Considero pouca a influência, por alguns pontos específicos: 1 – particularmente, sou muito limitada no trato com as inovações tecnológicas (Falta formação); 2 – a instituição onde trabalho não oferece condições mínimas; 3 – os alunos não têm acesso, logo a cobrança não aparece.
- Como você analisa o papel da sua IES frente às mudanças?
Precário, ao menos no campus onde atuo. Tenho olhado, de modo rápido, outras instituições e o movimento que vejo me causa espanto. A UFRGS, por exemplo, tem a RENOTE - Revista Novas Tecnologias na Educação, que traz uma série de questões e experiências que nem de longe aqui pensamos.
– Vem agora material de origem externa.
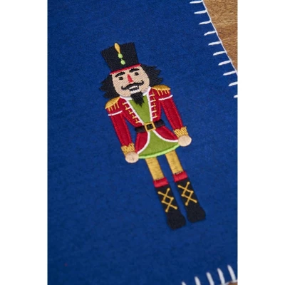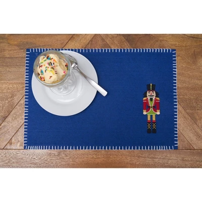 Nutcracker Felt Rectangle Placemat Set of 6 Christmas Holiday Solid Blue Embroidery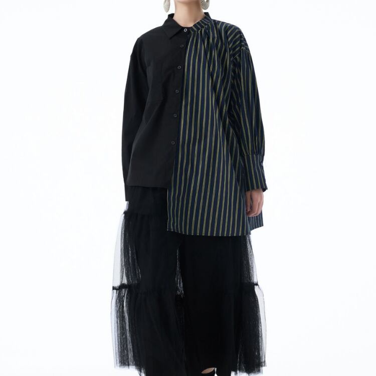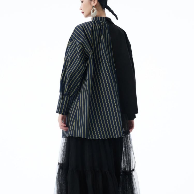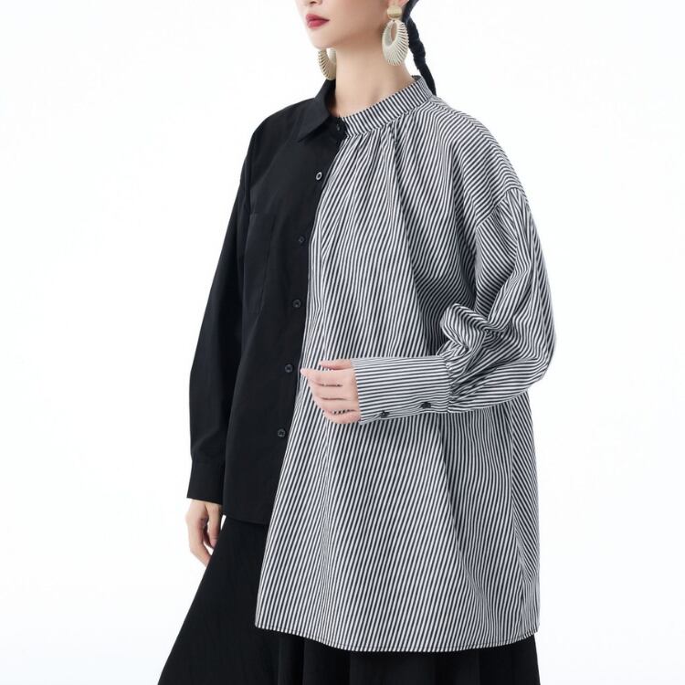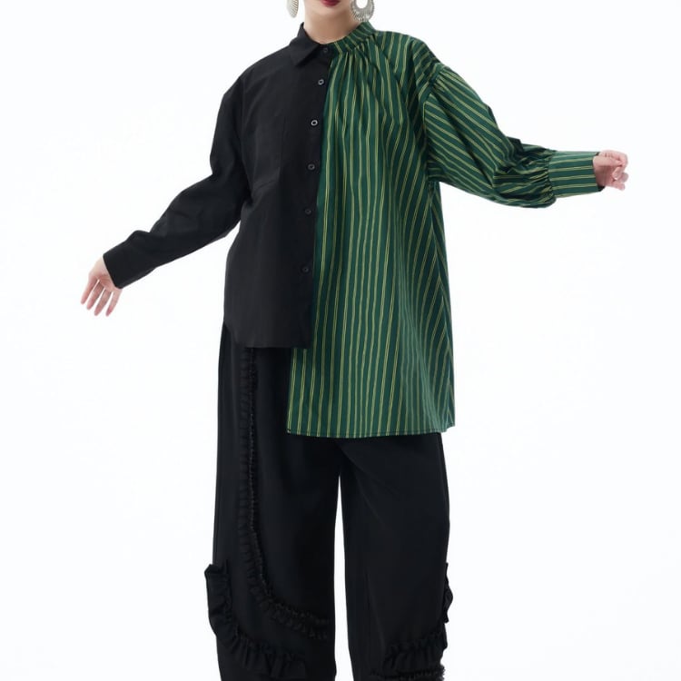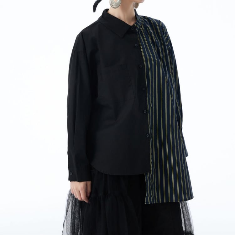 左右で異なる素材と柄を組み合わせた、個性あふれる切り替えデザインシャツ。

- Você se sente preparado para ensinar e aprender na Sociedade da Informação e Comunicação?
Não, em absoluto. Mas, creio que isso seja fundamental, por isso mesmo é preciso um processo sério de inclusão.
- Para você, quais os principais desafios da Sociedade da Informação e Comunicação?
Democratizar o acesso, com qualidade. Afinal, pouco adianta colocar computadores nas escolas, bibliotecas e outros espaços sem acesso à Internet. Além disso, é preciso informação e formação.
- De que maneira você pode utilizar nas suas atividades com alunos os recursos tecnológicos disponíveis em sua IES?
Simplesmente não posso. A maioria não tem acesso à rede e a instituição não disponibiliza um laboratório para esse fim (que funcione efetivamente).